**What you have to do:**
Reproduce word for word the lines between the one containing "Plamen offers a" and the end of the entries below, both inclusive; leave out pictures.

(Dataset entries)
+ + + + + + +

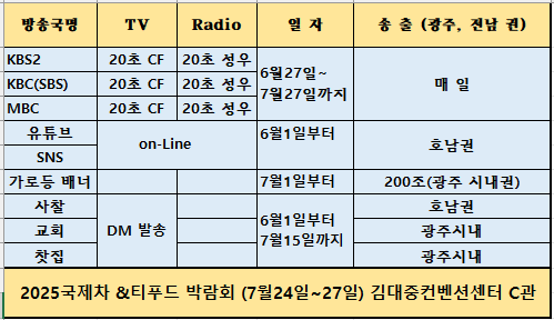 공중파 방송  TV 및 Radio 광고 편성표 입니다.
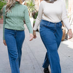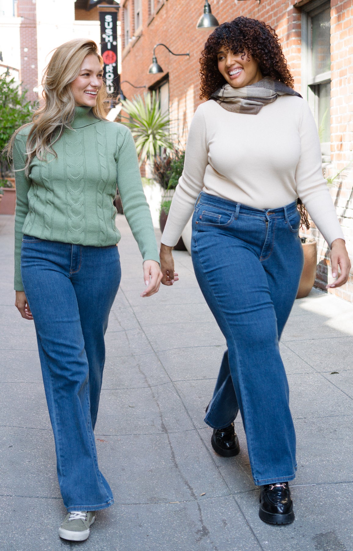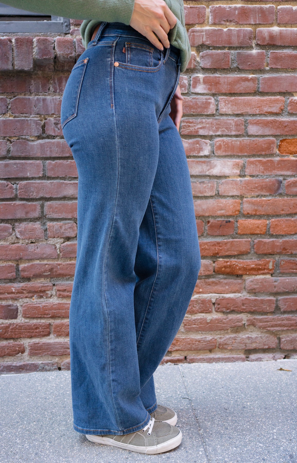 First, I get more compliments when wearing these jeans than I have ever received. They look and feel great. I now have 7 pair of varies styles but the wide leg high waisted are the best. If one pairs these jeans with a shorter shirt it makes the perfect ensemble. Just fantastic.
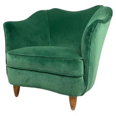 Pair of vintage Art Deco tank or speed armchairs, France circa 1930s. Streamline Moderne silouhette. Completely restored with new super plush green velvet. Excellent condition and su...
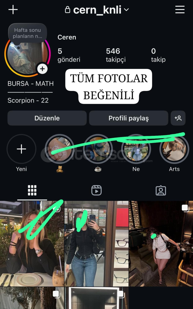 PİYASAYA YÖN VERMEYE DEVAM EDİYORUZ.------------------------------------------TAKİPÇİ SAYISI 500 ÜSTÜDÜR.----HESAP SİZLERE (MAİL ŞİFRE - KULLANICI ADI ŞİFRE )-- PİYASADA NADİR ÜRÜNLERDENDİR.----HESAP LİNKİ =''https://www.instagram.com/cern_knli'--HESAP MAĞZA HESABI OLARAK KULLANILABİLİR.----STOK SADECE 1 TANEDİR ODA RESİMDEKİ HESAPTIR ALINCA TESLİM ED...
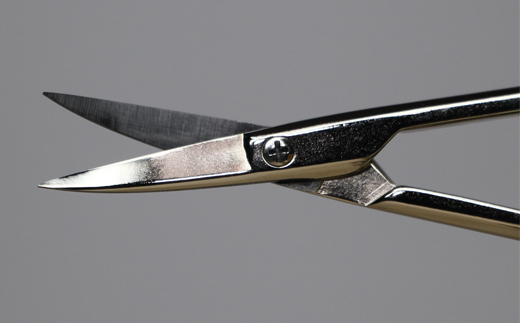 ●サビ防止のニッケルメッキ加工 ●一般的な三寸(約90mm)のマユ毛切鋏を製作しました。 ●曲刃なので、顔のラインに沿って、マユ毛を一本単位でとらえることができ、きめ細かいお手入れが可能 ●強くしなやかであり、手になじむ一体鍛造鋏(ブレード、ハンドルともに同一金属で構成されるオールメタル) ●完全 MADE IN SEKI!
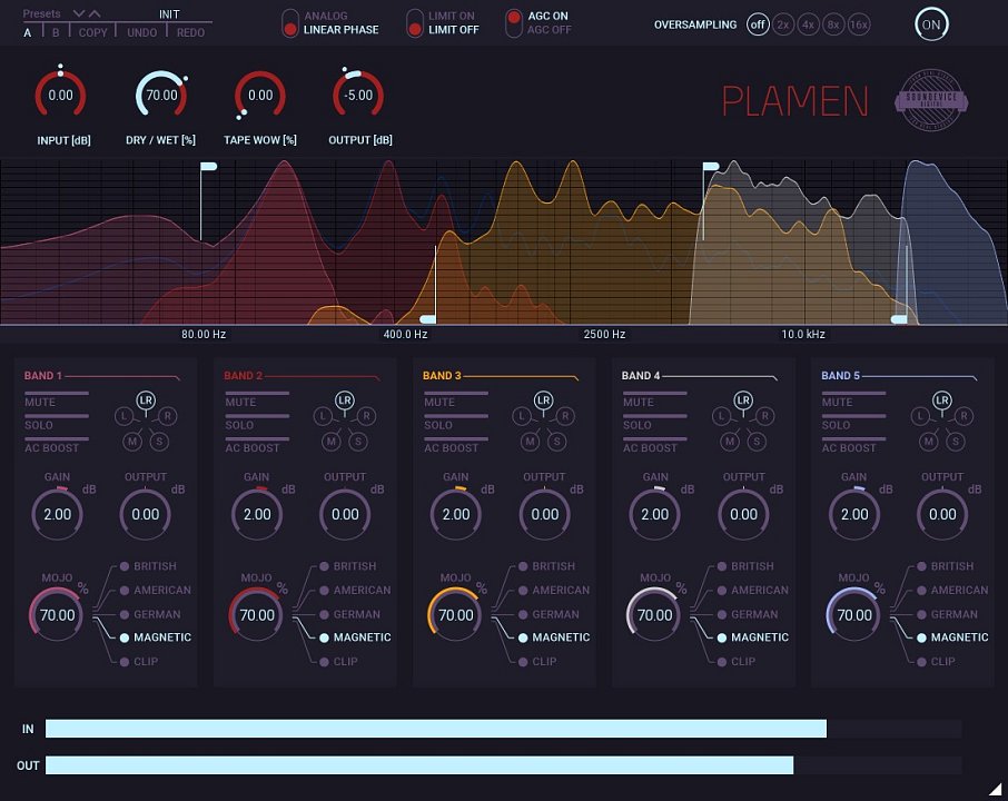 Plamen offers a diverse range of five distinct saturation types for each band, allowing you to choose the perfect colour and character for your audio. Each band can use three classic analogue preamp types, simulation of tape saturation (Magnetic) or clipping (a style of saturation— or distortion — characteristic of many beloved types of AD-driven input).
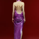 Degage Purple Sequined Maxi Dress with Halter Neck

+ + + + + + +

**Exercise response:**
 Plamen offers a diverse range of five distinct saturation types for each band, allowing you to choose the perfect colour and character for your audio. Each band can use three classic analogue preamp types, simulation of tape saturation (Magnetic) or clipping (a style of saturation— or distortion — characteristic of many beloved types of AD-driven input).
 Degage Purple Sequined Maxi Dress with Halter Neck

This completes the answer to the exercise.